START DATA SECTION

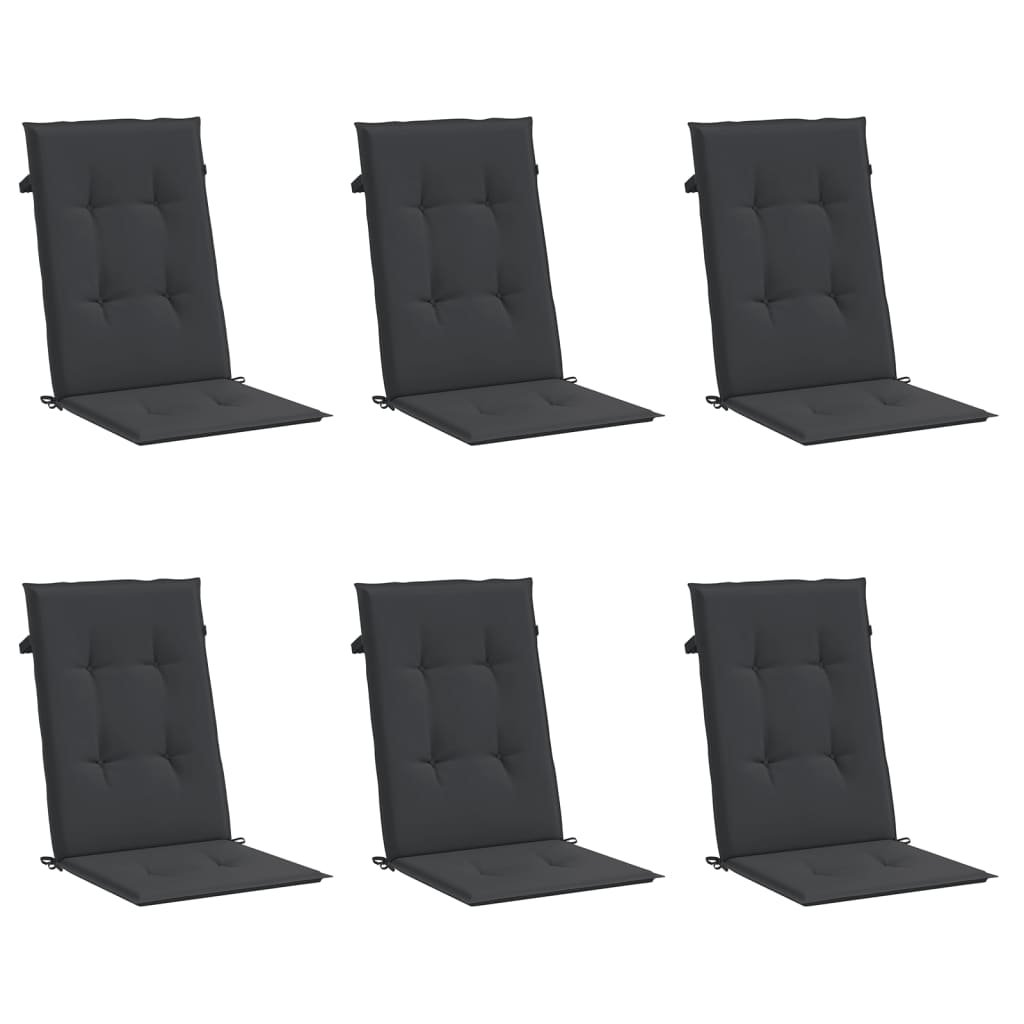 Podušky na židli vysoké opěradlo 6 ks černé 120x50x3 cm textil 314111
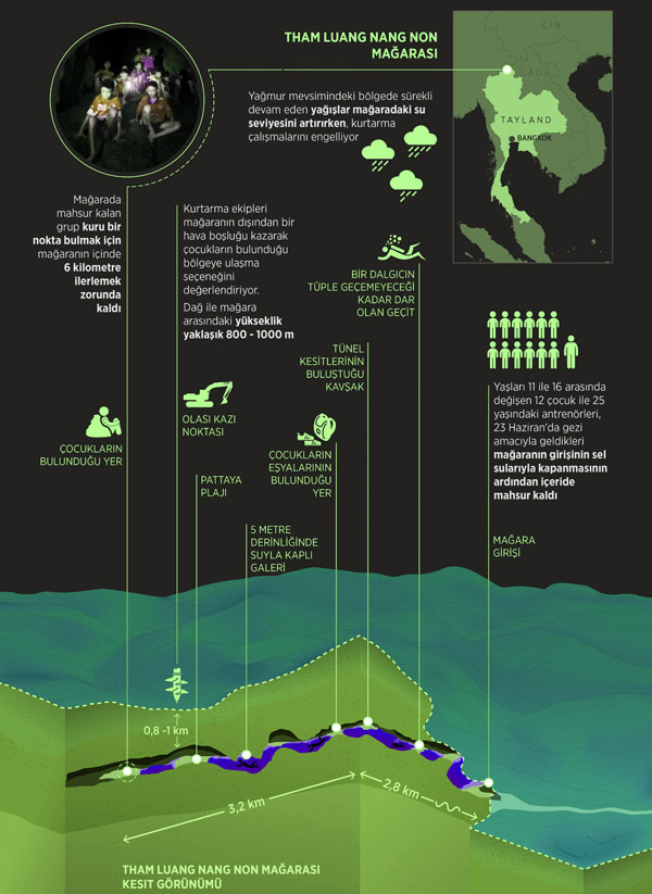 Mağaraya 13'ü yabancı 5'i Tayland donanmasından 18 dalgıç girdi. Çocuklar mağaradan birer birer çıkartılacak. Her çocuğa iki dalgıç eşlik edecek.
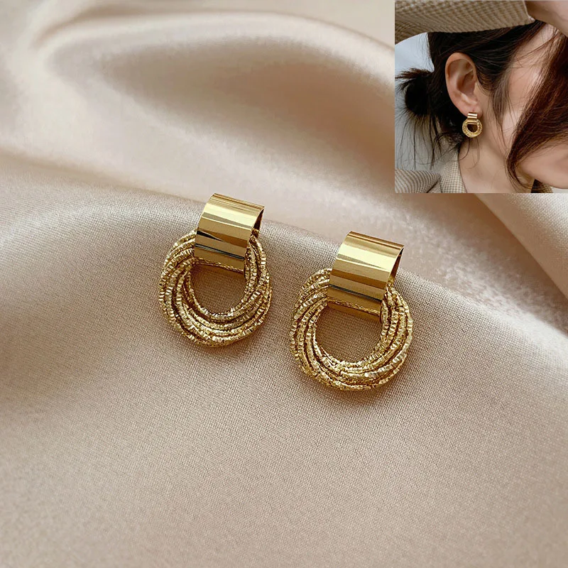 Ретро Металлические золотые несколько маленькие круглые серьги с по...
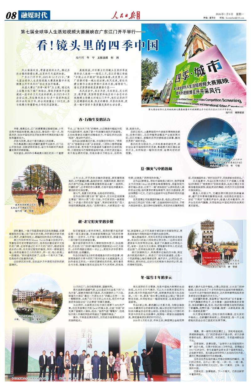四季流转,故事如歌。“全球华人生活短视频大赛”创办七载,已累计收到280.1万件作品,获得超过306.7亿次访问,参与者遍布全球40多个国家和地区。这些数字背后,是无数全球华侨华人生活的闪光片段,最终汇聚成磅礴的时代发展叙事。
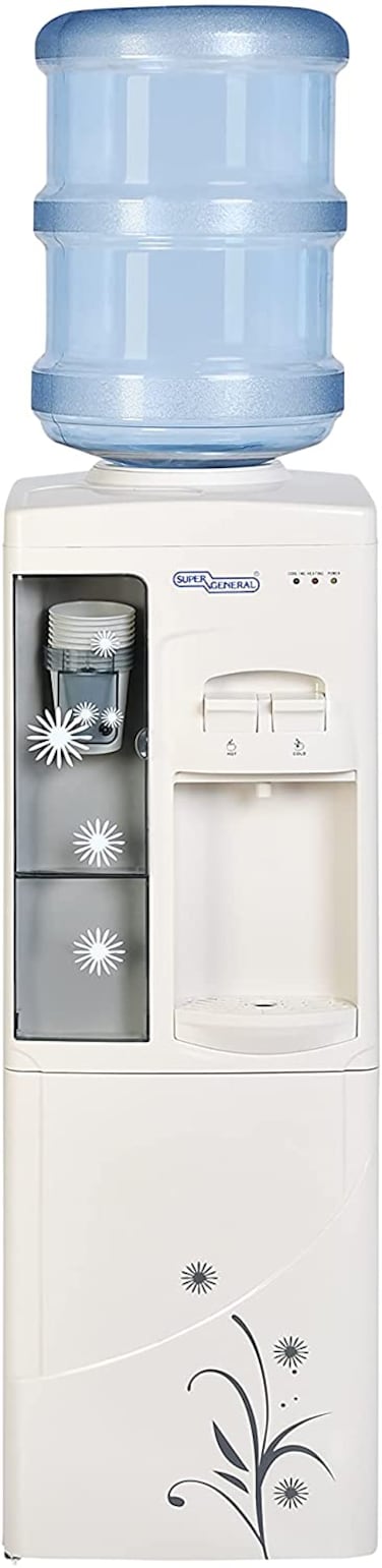 Super General Hot And Cold Water Dispenser, Water-Cooler With Cabinet And Cup-Holder, Instant-Hot-Water, 2 Taps, Sgl 1171, White/Grey, 31.2 X 32.5 X 96 Cm, 1 Year Warranty
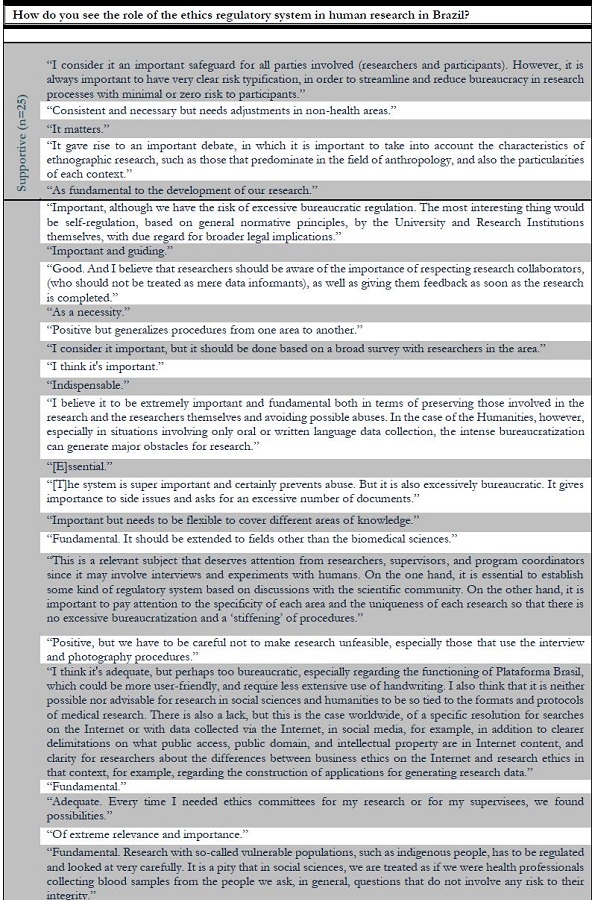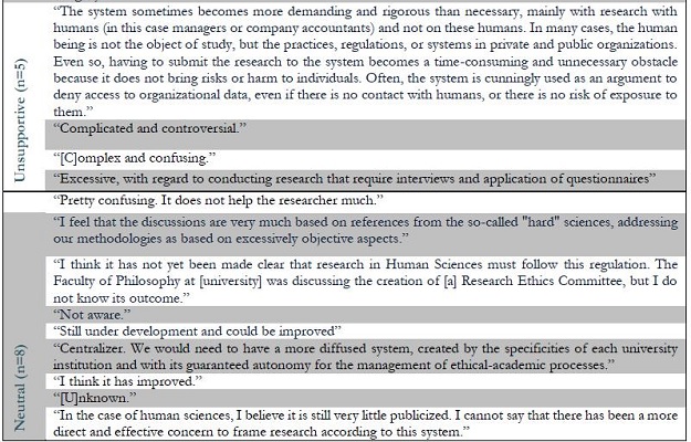One factor that is consistent with a relatively new ethics regulatory framework for research involving humans in HSS in Brazil is that the (2) views of the CEP/CONEP System among the coordinators surveyed are not mature. Some of these respondents demonstrate that learning about the ethics review System is a gap to be filled. Respondent #39 states that “I think it has not yet been made clear that research in Human Sciences must follow this regulation. The Faculty of [field omitted] was discussing the creation of a Research Ethics Committee, but I don’t know about the outcome.”. This self-report is aligned with that from Respondent #2: “… Research with so-called vulnerable populations, such as indigenous people, has to be regulated and looked at very carefully. It is a pity that in social sciences, we are treated as if we were health professionals collecting blood samples from the people we ask, in general, questions that do not involve any risk to their integrity.”.
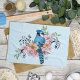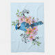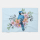 En blå kajfågel omgiven av rosa, lila och persikopastellernas färgad vår blommor mot en ljusblå bakgrund.
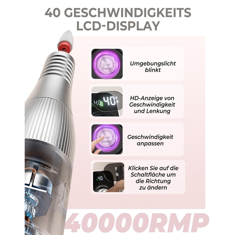 - 【40000RPM Nail File Professional】: Atopskins electric nail file is equipped with 40 adjustable speeds, 40000 RPM high-quality motor to meet all your manicure needs. Simply press or turn the knob cordless nail drill to select 40 different speeds and 2 different directions. Atopskins e file nail drills makes it easy to get salon-level manicures at home, you can maintain beautiful nails precisely and quickly on your schedule without waiting in long lines or rushing to the salon before closing.
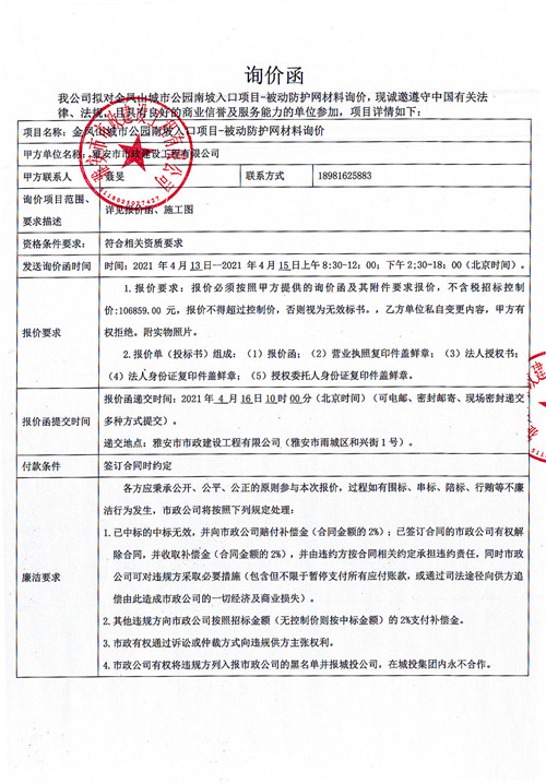 雅安市政公司金鳳山公園南坡入口項目-被動防護(hù)網(wǎng)材料詢價函
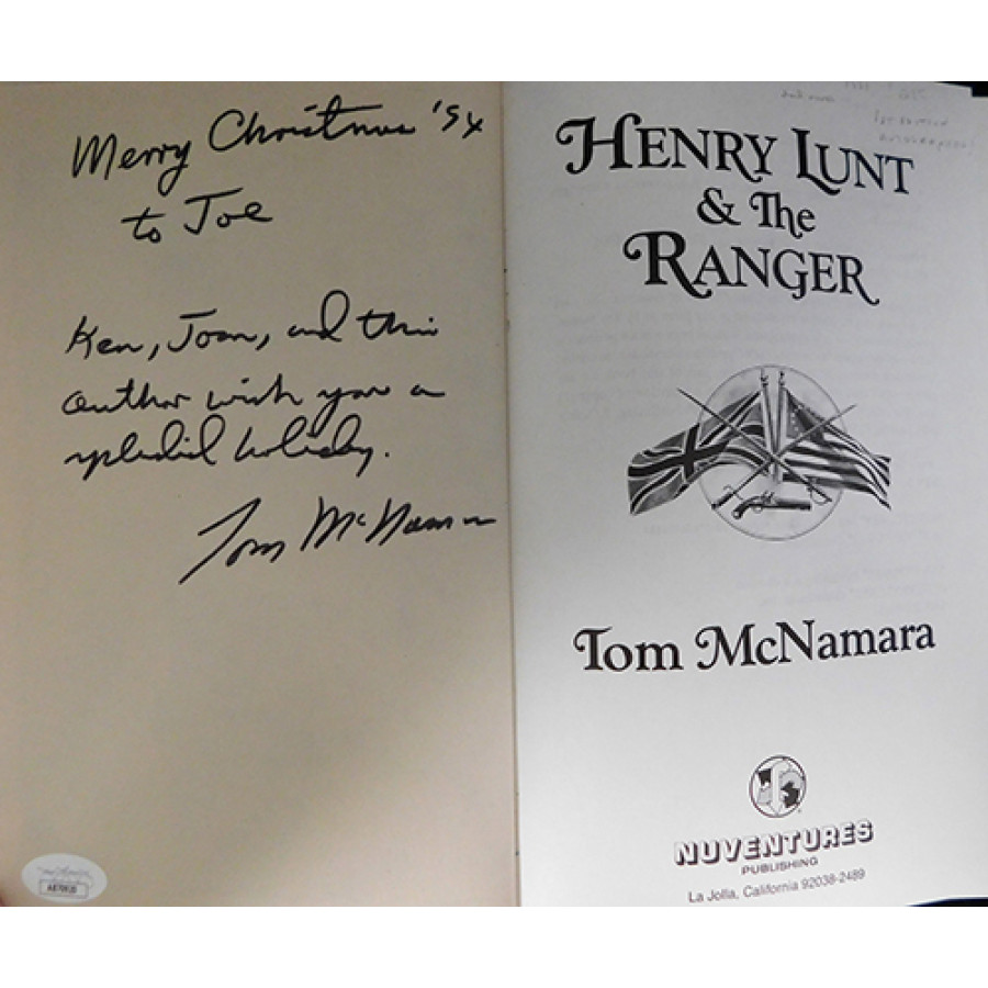 Signed Tom McNamara Henry Lunt & The Ranger first edition hardcover book in black ink on the inside cover page personalized. The book is in used condition. This item is certified by James Spence Authentication (JSA) with sticker affixed to item and matching card.
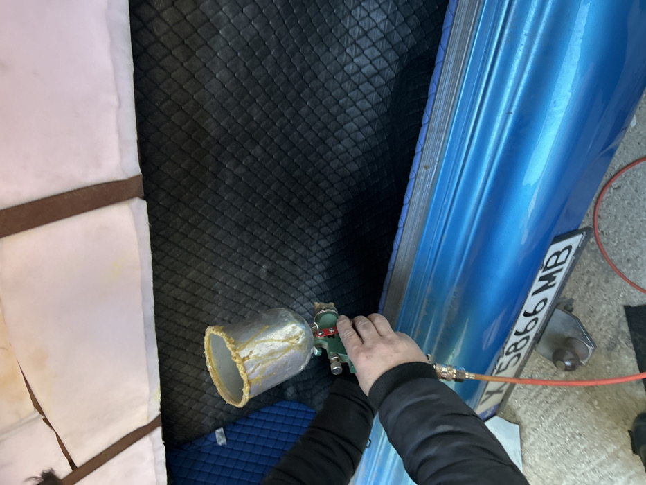 A close-up, high-angle shot depicts a person's hands operating a spray gun near the rear of a blue vehicle. The hands, wearing dark long-sleeved clothing, hold a green and metallic spray gun with a top-mounted reservoir. The reservoir contains a viscous, yellowish-brown substance, likely adhesive, which is visibly dripping down its exterior. An orange air hose is connected to the bottom of the spray gun, leading to a red coiled hose on the concrete ground. Above the blue vehicle panel, which appears to be a rear bumper or side, a black diamond-quilted lining is visible, likely part of the vehicle's interior or trunk. To the left within this area, a section of blue quilted material is also present. Above the black lining, a white fabric or insulation material, secured by brown straps, is exposed. Partially visible below the blue panel is a Bulgarian license plate bearing the characters "X 5866 MB." The "X" denotes the Kurdzhali province, which includes the city of Rudozem, Bulgaria. The scene appears to be an outdoor or semi-outdoor workshop environment.
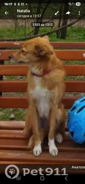 Рыжая собачка ,с белой грудкой, 40см в холке , на ней было два ошейника , один зелёный от блох, другой белый. Пугливая. Вышла из машины , и потерялась , примерно на досмотре в пробке на Крымский мост.
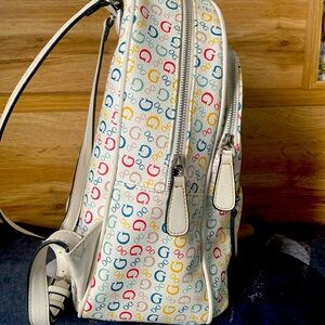 Multicolor guess backpack. It’s a medium size bag not too large not too small to carry everyday to school or work.

END DATA SECTION

- WHAT TO DO: Repeat, without pictures, exactly the lines of the data above from the one containing "雅安市政公司金鳳山公園南坡入口項目-被動防護(hù)網(wǎng)材料詢價函" through the one containing "Signed Tom McNamara", including both and adding nothing.

- RESPONSE BOX:
 雅安市政公司金鳳山公園南坡入口項目-被動防護(hù)網(wǎng)材料詢價函
 Signed Tom McNamara Henry Lunt & The Ranger first edition hardcover book in black ink on the inside cover page personalized. The book is in used condition. This item is certified by James Spence Authentication (JSA) with sticker affixed to item and matching card.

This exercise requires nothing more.